## Task details
Below are the lines to check; count those holding the string "that" and give only the number.
(Beginning of Exercise input)
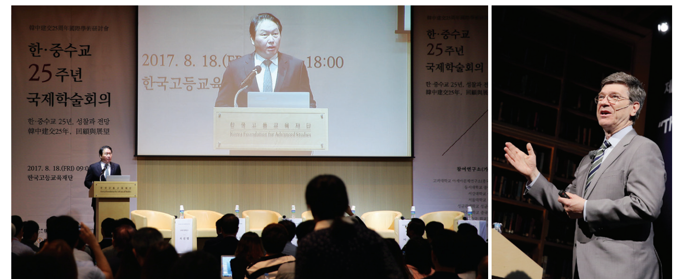
International Conference Commemoration 25 Years of Korea-China Diplomatic Relations
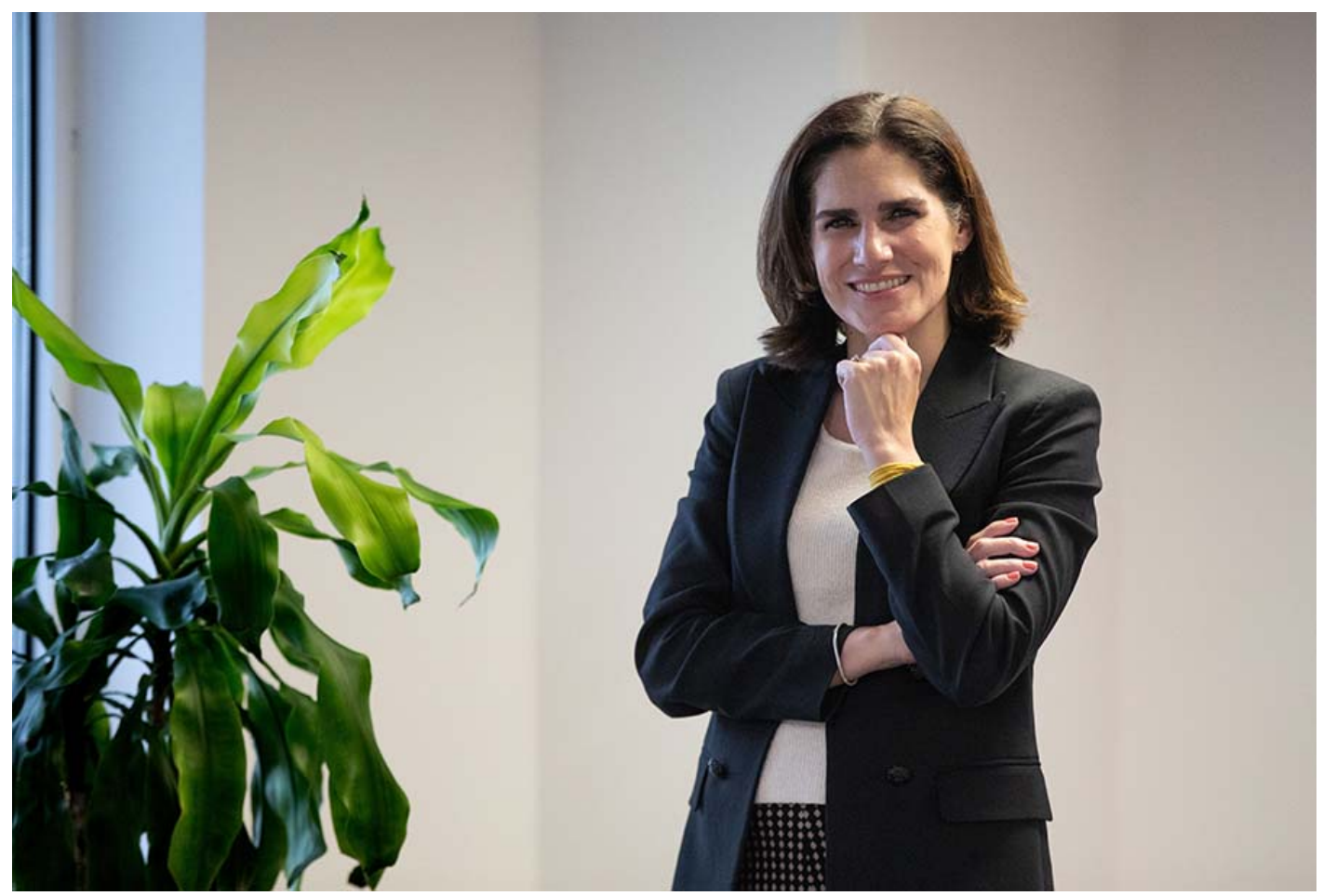
/> width="900" loading="lazy">
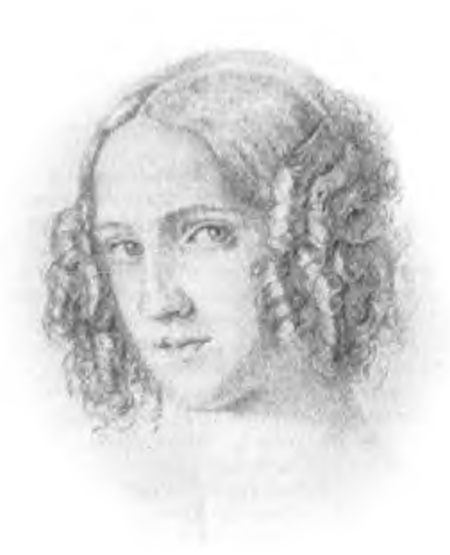
Figure 1. Josephine Lang

as it echoes the rising figure of the piano introduction. The ability to get lost in the moment is delineated commendably in Lang's musical treatment of the text culminating in the third exultant declaration 'Sie liebt mich!', arriving at the dominant first inversion at bar 12.
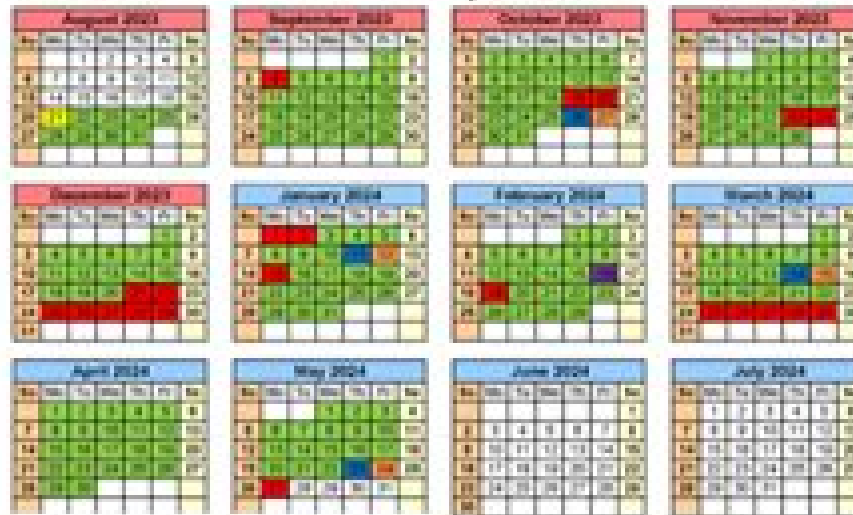
2023/24 School Calendar Option 1
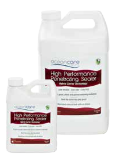
Available sizes / part number / coverage* Quart / OCG-50-0004 / 125-625 sq. ft. Gallon / OCG-50-0005 / 500-2500 sq. ft.

Penetrates and protects grout, natural stone and other porous masonry materials. Forms an invisible, no-sheen barrier that is resistant to water and oil and provides superior stain protection. Low residue formula is specifically designed to be easier and faster to apply than traditional penetrating sealers. May be applied to dry, damp, cured or uncured grout or natural stone (seriously...immediately after grouting!).
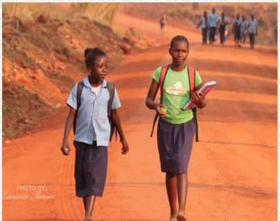
Pupils captured using the Chipata-Magwero Road.

The Chipata-Magwero Road is a stretch of 11.6 kilometers and has been rehabilitated under Force Account.
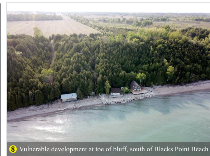
8 Vulnerable development at toe of bluff, south of Blacks Point Beach
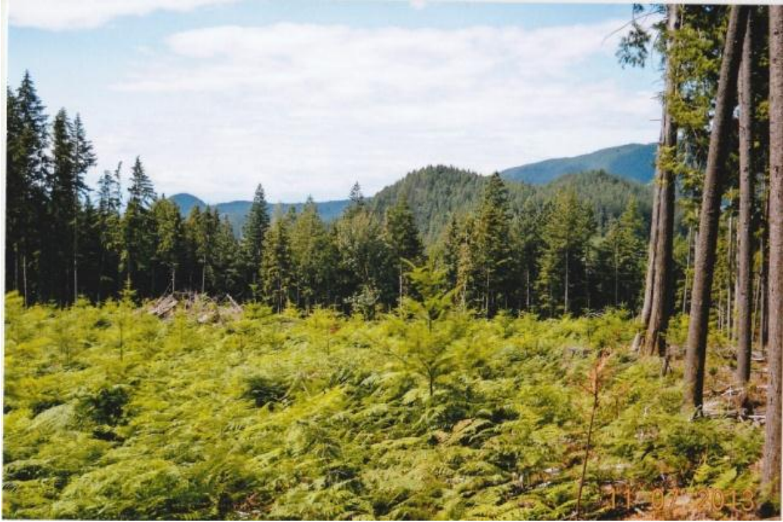
Picture: Gambier Island small scale forestry
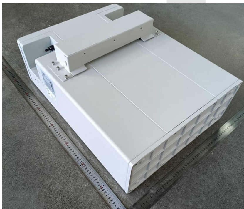
Picture 2 Back view of Rechargeable Li-ion Battery
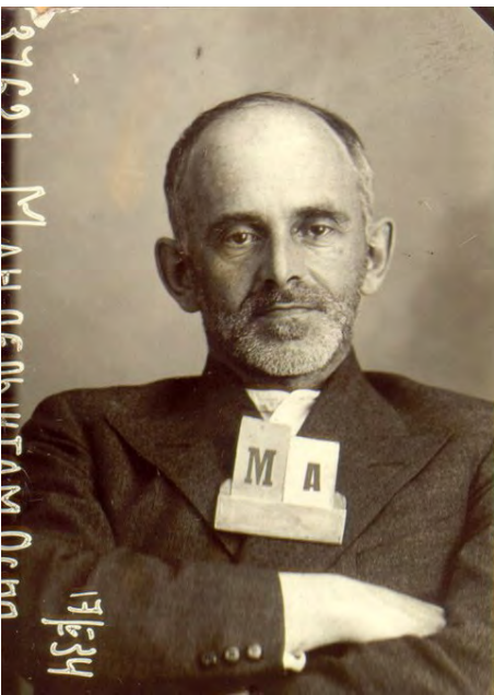
[3] Scanned from Russian edition of Mandelstam's collected work. Mugshot by the en: NKVD after Mandelstam's first arrest, 1934. Public Domain.

He found out. Four months later he was arrested and subjected to an interrogation that made him temporarily psychotic. He and his wife were then exiled to a small city in the south of Russia, where they lived for three years. Mandelstam was re-arrested in May, 1938, during the Great Terror, and died in a Siberian transit camp in December of that year. He has no grave.
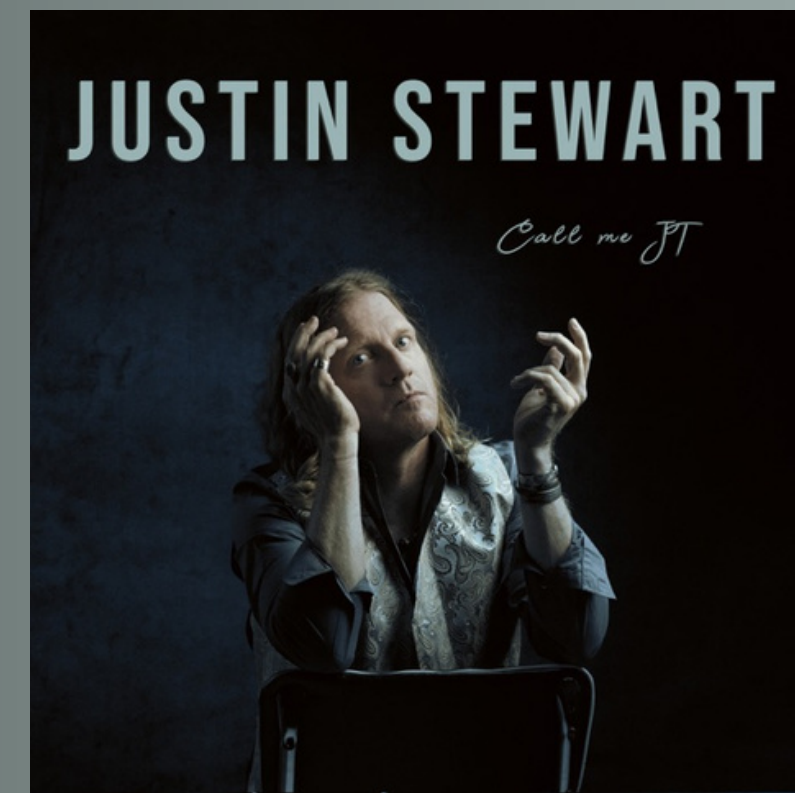
Call Me JT 2023
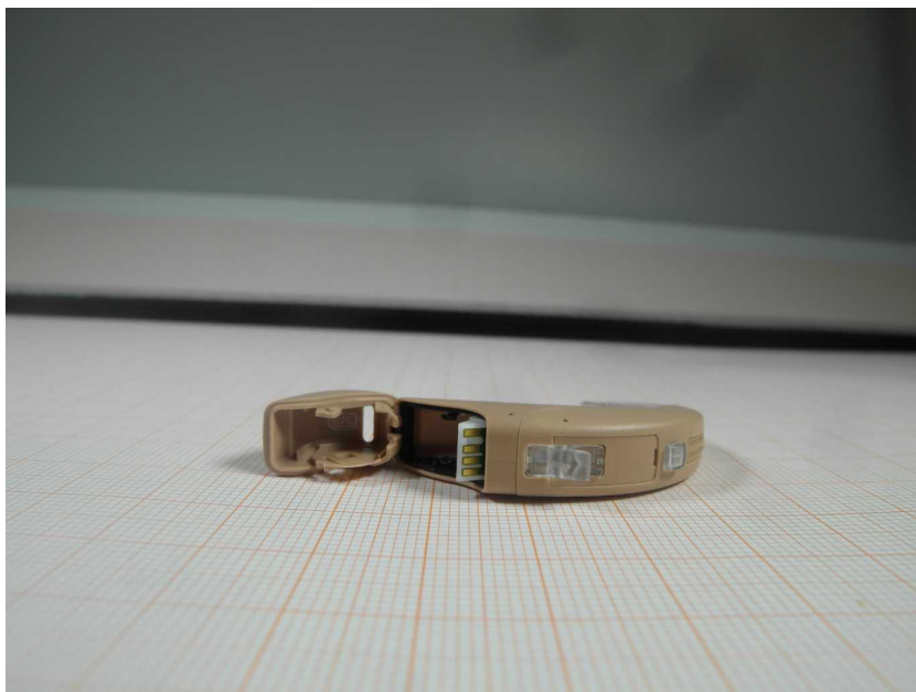
T Max UP
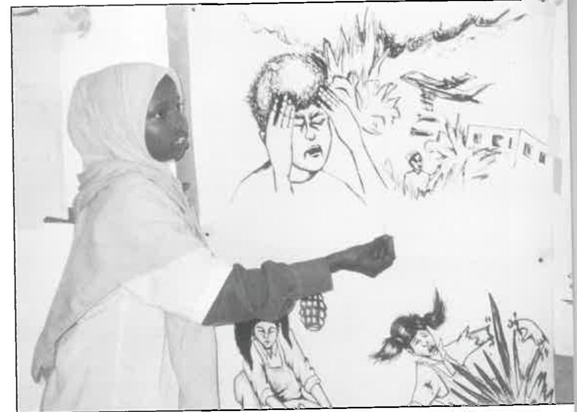
Rādda Barnen conducts peer education and landmine awareness: Yemen.

In the process of educating children about landmines and UXO, changing attitudes and transforming behavior presents a far more daunting task than simply increasing children's knowledge. To promote responsible attitudes among children, Save the Children tries to instill in them a sense of pride in the knowledge they have gained and encourages children to share information and model safe behavior for others. After completing the core curriculum, every child
(End of Exercise input)
## Task answer
2